I'm going to resolve NO in the next day or two, unless someone convinces me I should wait.

I don't follow things closely enough to know how final results are. However:

Fox shows 220R - 213D (2 undecided)

CNN shows 221R - 213D (1 undecided)

Wikipedia shows 220R - 213D (2 undecided)

The question was will the Rs win at least 230. At this point it seems the answer is pretty clearly NO.

I missed my chance to buy so much more of this. Shame, really.

predicted YES

The prediction now shows 229. (It's half an hour early; if 538's prediction changes in the next half hour, feel free to post and I'll take that into account.)

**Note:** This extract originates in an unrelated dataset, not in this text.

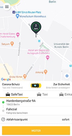 Nach der Einführung der Option „Einkaufstour“ hat die Funkzentralengemeinschaft taxi.eu jetzt in Zusammenarbeit mit dem Software-Entwickler fms Systems GmbH die Möglichkeit in die App implementiert, ein „SafeTaxi“ zu bestellen.

I may delay resolution until I'm confident in the outcome. Elections have been called wrong in the past

https://en.wikipedia.org/wiki/Dewey_Defeats_Truman

and it sometimes happens that decisive results aren't available for some time. (Slow counting, mail-in votes, recounts, lawsuits, etc.) I'd rather delay resolution that resolve wrong.

predicted YES

@Boklam And (1 pm California time) the prediction is still 229.

So, this resolves YES if 230 or more Rs end up in the House, and NO if 229 or fewer.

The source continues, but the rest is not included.